"You never answered my question last night."
"Which was that?"
"I asked if you had advice for me for hunting a husband during the season," she said, hoping it did not sound as if she were asking advice for hunting him-although that actually was what she was doing. Not that she could use whatever information he gave her; it would be too transparent. Oh, heavens, why had she said anything at all?
"That all depends upon which sort you wish to catch. You must dangle the proper bait for the beast."
"I have only one very poor bit of bait to dangle, and it rules out fortune hunters and social climbers."
"That is a shame. Many a young lady has made her match with such," he said. " London is full of them."
"I was rather counting on an elderly gentleman with a comfortable income."
"Simply because they are aged does not mean they are any less likely to want an heiress," Mr. Brent said. "Their greed does not slow with their limbs."
"Dear me. How about impetuous youths who have already inherited, and so cannot be disowned for making a bad match?"
"Those are difficult to catch, and make poor husbands, being prone to drink and gambling. Like as not you will end up living on credit, and soon enough be bankrupt."
"There is no point in returning from whence I started," she said.
Mr. Brent seemed to be enjoying this vein of conversation. She was almost enjoying it herself. He dared her to say the thoughts that she would normally not utter even to herself. She had spent her life speaking only those words that would please her benefactors, pretending to be much nicer than she knew herself to be, hiding her darkest, most selfish and discontented thoughts for fear they would show on her face and betray her as a woman unworthy of even grudging charity.
"An exceedingly ugly man might prove acceptable," she proposed. "I think I could grow to love him, if he had a sweet temper."
"He will either be so vain as to think himself worthy of a better match, or so shy he will never manage to offer."
"A sick man, then, who needs an heir before he dies?"
"The competition will be fierce. What young lady would not like to be a wealthy widow, free to do as she pleased?"
"That is a harsh view to take," Vivian argued. "I do not believe that one in a thousand young ladies would be so calculating."
"You said yourself you would be willing."
"For the sake of having a husband, not for being his widow. Really, Mr. Brent, you have a jaded view of womankind."
"Not as jaded as I could wish," he said. The next moment dinner was announced, interrupting their conversation and leaving her to wonder what he could possibly mean by such a statement.
The dinner table was too small, the company too cozy and close to engage in suggestive banter. Vivian was seated next to Captain Twitchen, Mr. Brent across from her. The family spoke of relations not present or long dead, dredging up memories in which she could not share.

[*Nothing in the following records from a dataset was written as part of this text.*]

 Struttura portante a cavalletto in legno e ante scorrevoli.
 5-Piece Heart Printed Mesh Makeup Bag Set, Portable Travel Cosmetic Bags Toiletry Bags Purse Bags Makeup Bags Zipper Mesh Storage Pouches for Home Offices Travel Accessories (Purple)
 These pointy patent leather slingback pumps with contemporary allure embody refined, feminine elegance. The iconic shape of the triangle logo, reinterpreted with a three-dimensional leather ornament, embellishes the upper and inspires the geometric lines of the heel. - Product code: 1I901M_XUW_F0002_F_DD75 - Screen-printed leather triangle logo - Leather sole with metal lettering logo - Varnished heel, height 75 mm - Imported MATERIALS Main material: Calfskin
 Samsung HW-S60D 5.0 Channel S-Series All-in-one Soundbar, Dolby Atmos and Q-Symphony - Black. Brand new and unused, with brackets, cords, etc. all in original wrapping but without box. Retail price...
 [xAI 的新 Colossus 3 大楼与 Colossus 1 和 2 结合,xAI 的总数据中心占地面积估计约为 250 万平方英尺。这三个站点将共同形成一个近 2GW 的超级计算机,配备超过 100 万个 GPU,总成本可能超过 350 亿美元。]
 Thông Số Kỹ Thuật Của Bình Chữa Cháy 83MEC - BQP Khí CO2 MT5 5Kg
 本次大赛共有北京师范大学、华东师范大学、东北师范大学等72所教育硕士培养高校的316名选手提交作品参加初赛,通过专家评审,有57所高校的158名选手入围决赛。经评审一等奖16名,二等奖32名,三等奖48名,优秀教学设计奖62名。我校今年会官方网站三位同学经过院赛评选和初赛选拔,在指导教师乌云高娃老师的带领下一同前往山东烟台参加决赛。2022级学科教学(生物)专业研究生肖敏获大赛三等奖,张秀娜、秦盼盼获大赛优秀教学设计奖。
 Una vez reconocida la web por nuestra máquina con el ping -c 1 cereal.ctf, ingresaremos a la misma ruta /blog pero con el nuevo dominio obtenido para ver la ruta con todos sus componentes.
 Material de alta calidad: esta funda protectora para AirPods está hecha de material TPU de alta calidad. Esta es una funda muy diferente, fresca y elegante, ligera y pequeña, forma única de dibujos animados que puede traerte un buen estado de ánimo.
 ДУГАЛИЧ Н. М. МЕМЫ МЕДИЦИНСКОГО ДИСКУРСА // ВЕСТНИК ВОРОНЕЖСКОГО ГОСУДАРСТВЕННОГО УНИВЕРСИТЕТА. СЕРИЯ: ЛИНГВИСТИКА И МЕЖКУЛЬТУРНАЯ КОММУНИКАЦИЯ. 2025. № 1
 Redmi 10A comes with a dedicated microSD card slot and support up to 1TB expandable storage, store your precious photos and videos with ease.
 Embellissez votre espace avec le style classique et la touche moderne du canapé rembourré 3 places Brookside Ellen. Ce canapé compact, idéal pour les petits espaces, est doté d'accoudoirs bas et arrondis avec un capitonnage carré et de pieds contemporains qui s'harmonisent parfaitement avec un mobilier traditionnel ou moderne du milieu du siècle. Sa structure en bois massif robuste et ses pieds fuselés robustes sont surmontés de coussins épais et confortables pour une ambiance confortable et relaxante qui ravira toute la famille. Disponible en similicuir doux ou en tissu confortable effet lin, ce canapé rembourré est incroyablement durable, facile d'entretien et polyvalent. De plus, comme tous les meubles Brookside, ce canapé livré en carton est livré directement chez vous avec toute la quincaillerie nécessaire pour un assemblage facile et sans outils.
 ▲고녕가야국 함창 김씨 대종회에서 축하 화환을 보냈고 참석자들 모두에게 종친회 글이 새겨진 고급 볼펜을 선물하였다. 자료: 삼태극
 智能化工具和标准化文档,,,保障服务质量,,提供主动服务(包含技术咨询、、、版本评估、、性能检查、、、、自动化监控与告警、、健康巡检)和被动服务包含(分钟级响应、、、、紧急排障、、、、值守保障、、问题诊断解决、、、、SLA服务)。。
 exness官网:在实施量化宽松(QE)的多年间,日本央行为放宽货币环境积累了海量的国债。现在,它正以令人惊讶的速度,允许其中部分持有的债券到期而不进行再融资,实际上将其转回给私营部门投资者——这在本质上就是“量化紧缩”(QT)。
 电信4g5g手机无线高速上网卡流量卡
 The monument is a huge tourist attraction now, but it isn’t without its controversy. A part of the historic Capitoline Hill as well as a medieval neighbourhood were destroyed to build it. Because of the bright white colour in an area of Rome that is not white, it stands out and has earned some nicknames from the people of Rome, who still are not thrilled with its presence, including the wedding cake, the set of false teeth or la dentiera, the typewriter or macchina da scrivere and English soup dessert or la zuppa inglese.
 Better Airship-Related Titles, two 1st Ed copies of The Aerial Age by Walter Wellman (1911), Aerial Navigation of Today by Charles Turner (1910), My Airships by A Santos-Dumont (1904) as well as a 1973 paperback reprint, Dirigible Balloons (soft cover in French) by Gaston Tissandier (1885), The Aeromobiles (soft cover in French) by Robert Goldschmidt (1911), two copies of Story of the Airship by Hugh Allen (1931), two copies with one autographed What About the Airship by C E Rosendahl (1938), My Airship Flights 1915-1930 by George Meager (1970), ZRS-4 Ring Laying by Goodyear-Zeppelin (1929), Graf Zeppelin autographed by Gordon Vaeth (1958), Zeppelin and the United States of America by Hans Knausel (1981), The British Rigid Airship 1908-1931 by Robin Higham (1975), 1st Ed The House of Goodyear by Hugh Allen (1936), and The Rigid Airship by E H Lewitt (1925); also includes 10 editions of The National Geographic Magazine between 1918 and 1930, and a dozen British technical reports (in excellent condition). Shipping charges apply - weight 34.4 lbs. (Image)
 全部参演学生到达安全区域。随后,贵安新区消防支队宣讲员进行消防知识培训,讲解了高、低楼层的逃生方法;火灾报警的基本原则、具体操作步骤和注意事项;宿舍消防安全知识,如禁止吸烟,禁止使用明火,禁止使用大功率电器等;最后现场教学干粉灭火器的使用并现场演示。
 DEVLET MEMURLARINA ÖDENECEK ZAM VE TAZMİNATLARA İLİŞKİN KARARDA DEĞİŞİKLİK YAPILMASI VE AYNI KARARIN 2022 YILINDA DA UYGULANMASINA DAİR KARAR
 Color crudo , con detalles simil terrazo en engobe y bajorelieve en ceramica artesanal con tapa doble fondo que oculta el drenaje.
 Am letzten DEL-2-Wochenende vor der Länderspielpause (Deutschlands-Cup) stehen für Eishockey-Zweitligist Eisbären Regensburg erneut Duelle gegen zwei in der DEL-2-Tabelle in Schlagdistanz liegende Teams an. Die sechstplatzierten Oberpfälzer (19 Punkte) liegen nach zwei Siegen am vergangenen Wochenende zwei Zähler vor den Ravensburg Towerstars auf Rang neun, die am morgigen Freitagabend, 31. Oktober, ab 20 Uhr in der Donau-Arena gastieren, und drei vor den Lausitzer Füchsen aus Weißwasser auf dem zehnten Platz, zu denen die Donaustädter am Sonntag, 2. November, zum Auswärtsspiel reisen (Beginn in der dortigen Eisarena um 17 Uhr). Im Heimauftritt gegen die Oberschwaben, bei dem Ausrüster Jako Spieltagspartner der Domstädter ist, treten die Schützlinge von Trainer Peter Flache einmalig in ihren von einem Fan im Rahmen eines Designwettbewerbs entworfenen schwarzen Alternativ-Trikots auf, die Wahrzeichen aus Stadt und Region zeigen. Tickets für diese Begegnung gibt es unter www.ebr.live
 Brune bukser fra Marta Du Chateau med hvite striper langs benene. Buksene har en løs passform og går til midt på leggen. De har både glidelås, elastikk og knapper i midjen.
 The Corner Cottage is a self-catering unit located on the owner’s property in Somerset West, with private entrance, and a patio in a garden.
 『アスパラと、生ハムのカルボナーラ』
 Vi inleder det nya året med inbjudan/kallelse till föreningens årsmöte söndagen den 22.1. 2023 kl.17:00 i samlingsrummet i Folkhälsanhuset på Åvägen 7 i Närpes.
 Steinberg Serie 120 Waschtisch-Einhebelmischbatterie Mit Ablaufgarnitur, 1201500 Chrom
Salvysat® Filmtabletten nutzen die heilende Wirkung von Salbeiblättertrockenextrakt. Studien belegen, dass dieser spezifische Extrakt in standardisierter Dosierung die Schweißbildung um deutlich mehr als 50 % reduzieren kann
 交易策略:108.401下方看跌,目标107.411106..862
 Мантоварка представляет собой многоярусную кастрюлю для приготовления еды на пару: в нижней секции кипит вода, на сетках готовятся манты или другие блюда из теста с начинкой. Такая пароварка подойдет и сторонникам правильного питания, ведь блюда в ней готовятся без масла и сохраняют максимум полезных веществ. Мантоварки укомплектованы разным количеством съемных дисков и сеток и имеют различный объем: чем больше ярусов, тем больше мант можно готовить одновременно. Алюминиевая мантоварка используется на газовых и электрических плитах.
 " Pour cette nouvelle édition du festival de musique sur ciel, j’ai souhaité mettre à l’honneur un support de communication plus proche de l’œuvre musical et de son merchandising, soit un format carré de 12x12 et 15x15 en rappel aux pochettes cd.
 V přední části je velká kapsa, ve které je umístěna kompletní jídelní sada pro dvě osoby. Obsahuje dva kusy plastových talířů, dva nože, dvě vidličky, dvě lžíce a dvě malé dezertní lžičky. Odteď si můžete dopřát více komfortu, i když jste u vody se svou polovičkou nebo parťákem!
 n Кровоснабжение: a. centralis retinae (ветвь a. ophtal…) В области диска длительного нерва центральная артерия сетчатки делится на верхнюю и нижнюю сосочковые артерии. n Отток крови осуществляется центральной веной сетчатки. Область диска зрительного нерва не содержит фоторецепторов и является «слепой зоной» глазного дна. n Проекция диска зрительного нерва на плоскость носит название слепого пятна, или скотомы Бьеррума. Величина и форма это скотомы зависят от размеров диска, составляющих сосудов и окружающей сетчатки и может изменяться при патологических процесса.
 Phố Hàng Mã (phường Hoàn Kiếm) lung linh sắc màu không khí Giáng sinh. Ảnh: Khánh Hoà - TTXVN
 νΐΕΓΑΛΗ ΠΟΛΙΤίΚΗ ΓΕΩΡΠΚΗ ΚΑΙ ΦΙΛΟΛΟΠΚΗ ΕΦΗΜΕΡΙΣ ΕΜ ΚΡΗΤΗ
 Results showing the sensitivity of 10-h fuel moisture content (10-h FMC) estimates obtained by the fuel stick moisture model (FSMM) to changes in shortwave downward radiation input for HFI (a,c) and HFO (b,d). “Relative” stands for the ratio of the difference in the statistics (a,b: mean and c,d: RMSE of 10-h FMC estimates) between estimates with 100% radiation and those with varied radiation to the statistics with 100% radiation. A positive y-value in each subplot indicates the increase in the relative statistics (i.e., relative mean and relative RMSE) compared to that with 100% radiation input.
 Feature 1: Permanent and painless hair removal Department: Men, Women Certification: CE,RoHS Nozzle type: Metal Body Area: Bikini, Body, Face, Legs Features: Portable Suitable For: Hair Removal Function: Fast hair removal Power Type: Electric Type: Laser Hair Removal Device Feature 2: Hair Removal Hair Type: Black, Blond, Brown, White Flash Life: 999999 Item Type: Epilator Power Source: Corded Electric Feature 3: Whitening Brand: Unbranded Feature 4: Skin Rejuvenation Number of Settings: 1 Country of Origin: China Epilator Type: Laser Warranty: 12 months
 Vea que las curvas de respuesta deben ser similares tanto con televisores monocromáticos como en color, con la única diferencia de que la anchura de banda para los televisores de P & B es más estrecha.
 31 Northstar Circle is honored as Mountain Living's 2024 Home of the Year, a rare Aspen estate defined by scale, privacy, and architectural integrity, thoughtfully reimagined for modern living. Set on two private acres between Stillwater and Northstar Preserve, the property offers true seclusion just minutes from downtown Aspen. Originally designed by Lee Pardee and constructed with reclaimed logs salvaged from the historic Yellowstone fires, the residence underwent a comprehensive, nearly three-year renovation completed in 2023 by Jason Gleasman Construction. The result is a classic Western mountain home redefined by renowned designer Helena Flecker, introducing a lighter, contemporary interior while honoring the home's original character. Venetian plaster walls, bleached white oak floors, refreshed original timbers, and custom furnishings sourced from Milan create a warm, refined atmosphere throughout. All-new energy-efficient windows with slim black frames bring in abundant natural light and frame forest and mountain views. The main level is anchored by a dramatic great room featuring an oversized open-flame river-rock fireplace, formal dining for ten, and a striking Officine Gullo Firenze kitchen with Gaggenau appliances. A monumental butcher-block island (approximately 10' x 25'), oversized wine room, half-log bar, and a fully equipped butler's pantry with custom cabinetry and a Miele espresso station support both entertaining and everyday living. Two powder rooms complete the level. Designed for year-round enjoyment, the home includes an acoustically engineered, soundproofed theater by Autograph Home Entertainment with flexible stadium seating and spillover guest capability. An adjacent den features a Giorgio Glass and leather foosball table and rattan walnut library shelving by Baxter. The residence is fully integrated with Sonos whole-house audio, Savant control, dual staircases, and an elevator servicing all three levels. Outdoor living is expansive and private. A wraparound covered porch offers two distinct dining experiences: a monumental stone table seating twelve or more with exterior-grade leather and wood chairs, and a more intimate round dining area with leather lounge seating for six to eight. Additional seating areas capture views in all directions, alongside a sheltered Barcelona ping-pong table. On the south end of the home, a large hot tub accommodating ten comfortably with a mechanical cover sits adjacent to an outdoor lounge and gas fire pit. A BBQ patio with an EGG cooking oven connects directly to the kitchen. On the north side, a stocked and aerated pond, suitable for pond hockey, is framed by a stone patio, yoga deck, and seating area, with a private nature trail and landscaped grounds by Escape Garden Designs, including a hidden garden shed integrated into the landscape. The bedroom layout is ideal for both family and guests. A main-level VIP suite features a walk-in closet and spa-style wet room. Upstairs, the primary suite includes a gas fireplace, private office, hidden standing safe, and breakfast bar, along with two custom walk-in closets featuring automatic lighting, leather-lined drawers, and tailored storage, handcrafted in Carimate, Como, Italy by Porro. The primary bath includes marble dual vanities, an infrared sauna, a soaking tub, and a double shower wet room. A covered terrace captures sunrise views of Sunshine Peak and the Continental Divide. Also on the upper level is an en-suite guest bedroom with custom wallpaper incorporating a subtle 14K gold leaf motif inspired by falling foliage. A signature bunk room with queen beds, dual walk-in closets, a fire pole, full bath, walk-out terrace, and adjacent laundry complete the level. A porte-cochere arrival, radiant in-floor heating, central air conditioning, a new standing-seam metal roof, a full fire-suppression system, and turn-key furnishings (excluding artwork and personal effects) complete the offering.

She kept a vacant smile on her lips and concentrated on dinner.
Mr. Brent caught her eye several times, looking with a questioning brow at her plate, then at the dishes arrayed around the table. She had only to let her gaze linger upon some platter beyond her reach, and he would move it nearer to her. If the captain was engrossed in telling a tale and did not notice she was waiting to be served yet again, Mr. Brent dared her with his eyes to serve herself.
So she did. There were two removes between main courses, and she was almost feeling full by the time dessert was finished and Lady Sudley signaled the ladies' retreat to the drawing room.
The tea had been poured and distributed, and Penelope had gone to the pianoforte to stumble through some of the sheet music there, when two nursemaids appeared in the doorway, white-gowned toddlers and young children around their knees.
"My lady, the children wished to say good night," one of the maids said, as the plump creatures spilled into the room. One went for the spaniel that had been curled harmlessly by the fire; one waddled to Lady Sudley; another sprang to the table where the tea things stood, his small hands reaching up to play with the sugar dish and creamer; and the last wobbled to the pianoforte and added his own notes to Penelope's soon-halted playing.
The spaniel cast a long-suffering look to the adults in the room, then slunk off to hide beneath a divan. Deprived of her target, the little girl of about four years went to join the younger boy at the tea tray.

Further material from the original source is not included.